Roberts is always a joy to read.

A few other points on Atlantic Richfield. Justice Gorusch issued a partial dissent. He raises some potential constitutional concerns with CERCLA.

Reading CERCLA this way would raise uneasy constitutional questions too. If CERCLA really did allow the federal government to order innocent landowners to house another party's pollutants involuntarily, it would invite weighty takings arguments under the Fifth Amendment. See Loretto v. Teleprompter Manhattan CATV Corp., 458 U. S. 419, 421 (1982). And if the statute really did grant the federal government the power to regulate virtually each shovelful of dirt homeowners may dig on their own properties, it would sorely test the reaches of Congress's power under the Commerce Clause.

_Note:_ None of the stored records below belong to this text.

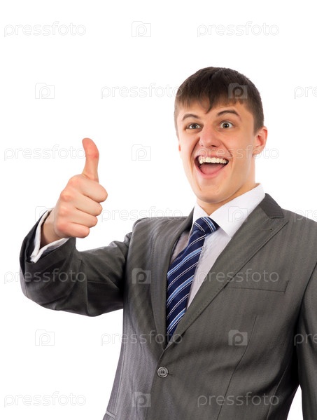 Счастливый бизнесмен показывает большой палец
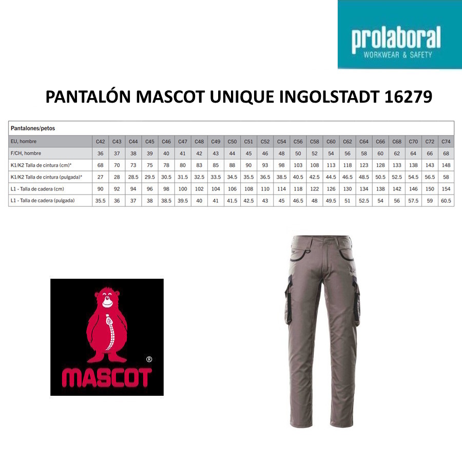 Para facilitar la elección, en Prolaboral mostramos las equivalencias aproximadas al tallaje español sugerida, manteniendo entre paréntesis la talla original Mascot.
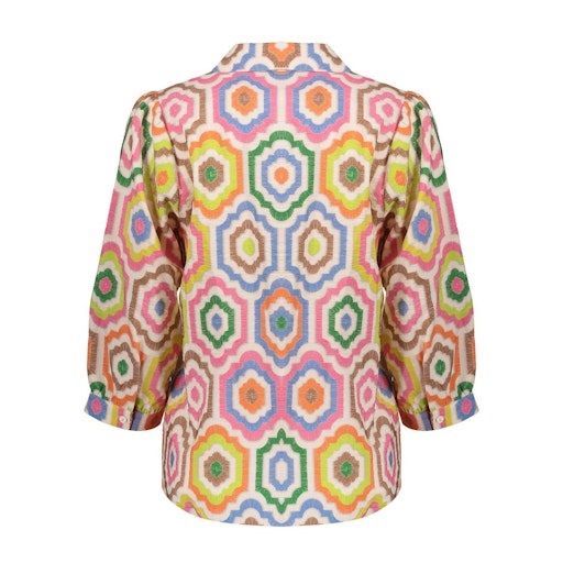 Deze blouse is uitgevoerd in een zachte crèmekleurige basis en verrijkt met een multicolor tegeltjesprint. De speelse combinatie van roze, blauw, groen en oranje geeft het ontwerp een frisse, zomerse uitstraling. Afgewerkt met een kraag die uitloopt in een V-snit, knoopsluiting en driekwartmouwen.Rechte vallingVolledig doorgeknooptTegelprint
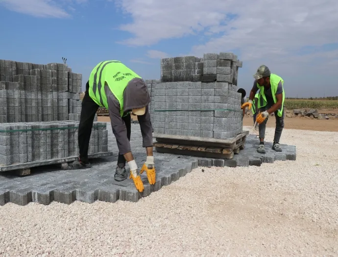 Haliliye Belediyesi Fen İşleri Müdürlüğü, İbrik Kırsal Mahallesi ve Sırrın Mahallesi'nde kilitli beton parke taşı döşeme çalışmalarıyla ulaşım konforunu artırıyor.
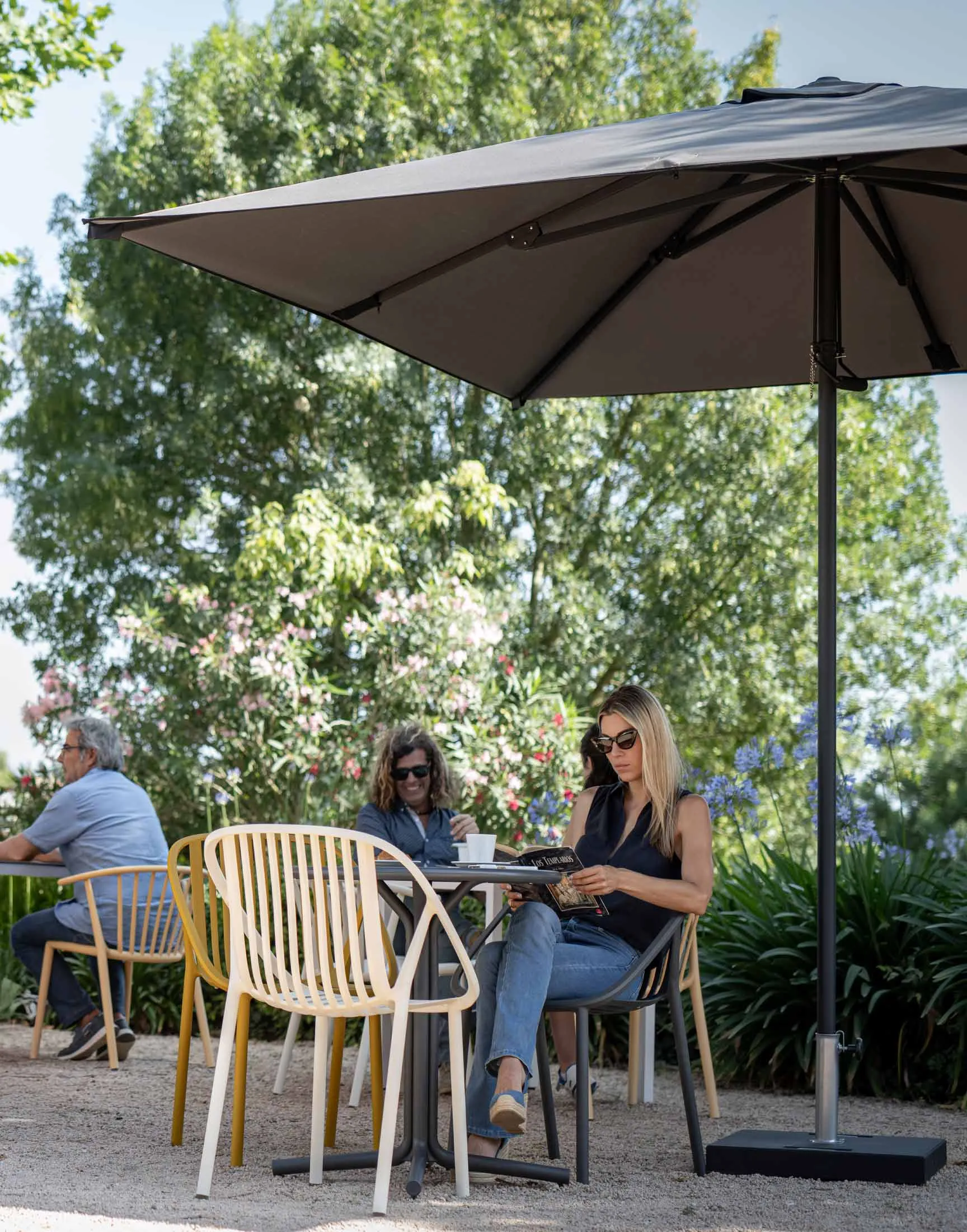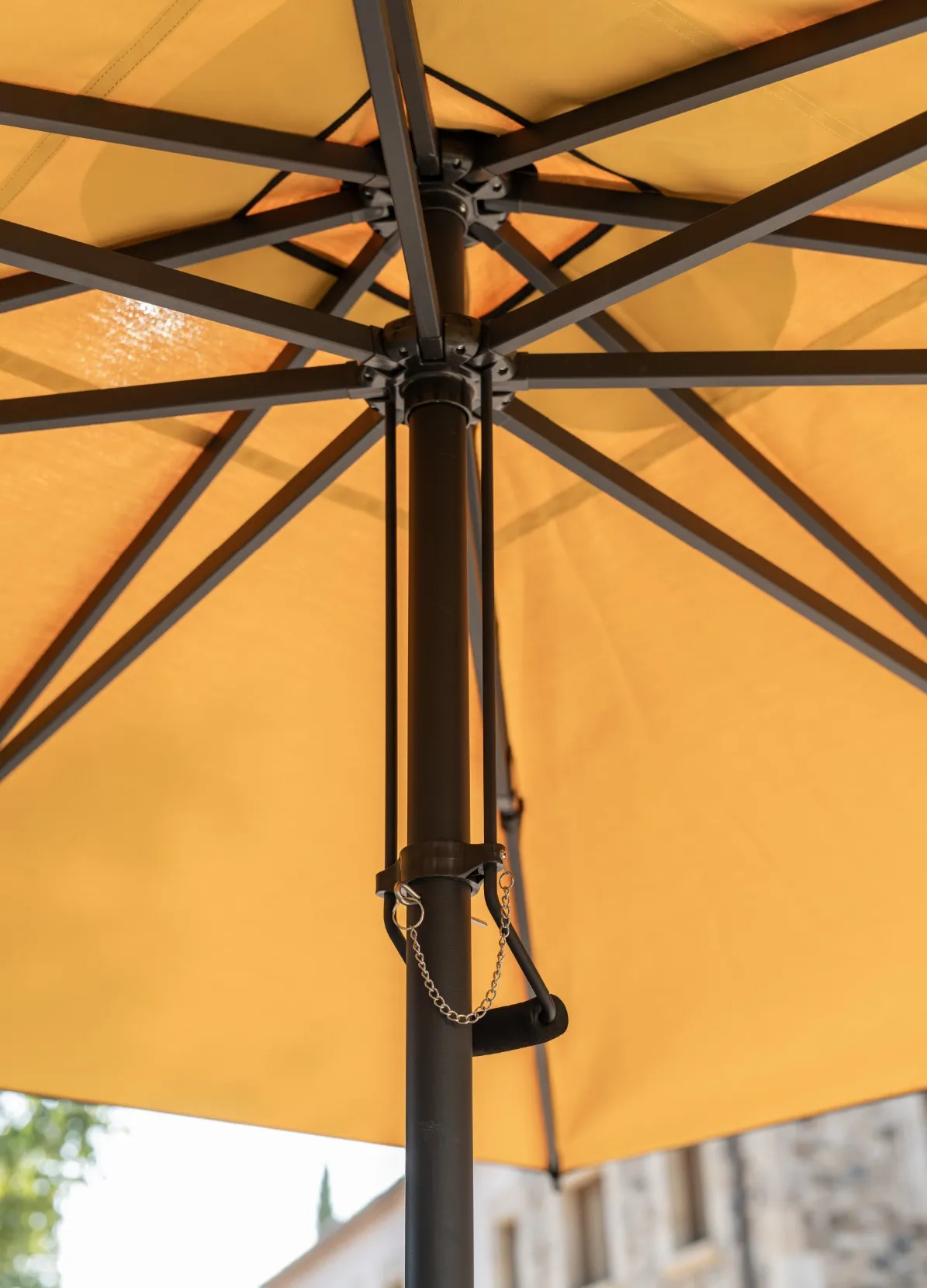 Rayden es un parasol ergonómico que facilita el día a día de restaurantes, hoteles y cafeterías. Su sistema de manija push-up permite una apertura suave y sin esfuerzo le convierte en el parasol más cómodo de la colección.

See National Federation of Independent Business v. Sebelius, 567 U. S. 519, 551–553 (2012).

The Gorsuch family has a lengthy history with CERCLA.

And, Justice Gorsuch offers this sharp barb back to the Chief;

The restrictions Atlantic Richfield proposes aren't really that draconian because homeowners would still be free to do things like build sandboxes for their grandchildren (provided, of course, they don't scoop out too much arsenic in the process).

Finally, Justice Gorusch earned his reputation as the Court's Westerner here. Throughout the opinion, there are references to the importance of property rights out west:

But, as in so many cases that come before this Court, the policy arguments here cut both ways. Maybe paternalistic central planning cannot tolerate parallel state law efforts to restore state lands. But maybe, too, good government and environmental protection would be better served if state law remedies proceeded alongside federal efforts. State and federal law enforcement usually work in just thisway, complementing rather than displacing one another.

Indeed, Gorsuch invoked western land in Thryv, Inc. v. Click-To-Call Technologies, LP, a patent case also decided on Monday.

Just try to imagine this Court treating other individual liberties or forms of private property this way. Major portions of this country were settled by homesteaders who moved west on the promise of land patents from the federal government. Much like an inventor seeking a patent for his invention, settlers seeking these governmental grants had to satisfy a number of conditions. But once a patent issued, the granted lands became the recipient's private property, a vested right that could be withdrawn only in a court of law. No one thinks we would allow a bureaucracy in Washington to "cancel" a citizen's right to his farm, and do so despite the government's admission that it acted in violation of the very statute that gave it this supposed authority. For most of this Nation's history it was thought an invention patent holder "holds a property in his invention by as good a title as the farmer holds his farm and flock." Hovey v. Henry, 12 F. Cas. 603, 604 (No. 6,742) (CC Mass. 1846) (Woodbury, J., for the court). Yet now inventors hold nothing for long without executive grace. An issued patent becomes nothing more than a transfer slip from one agency window to another.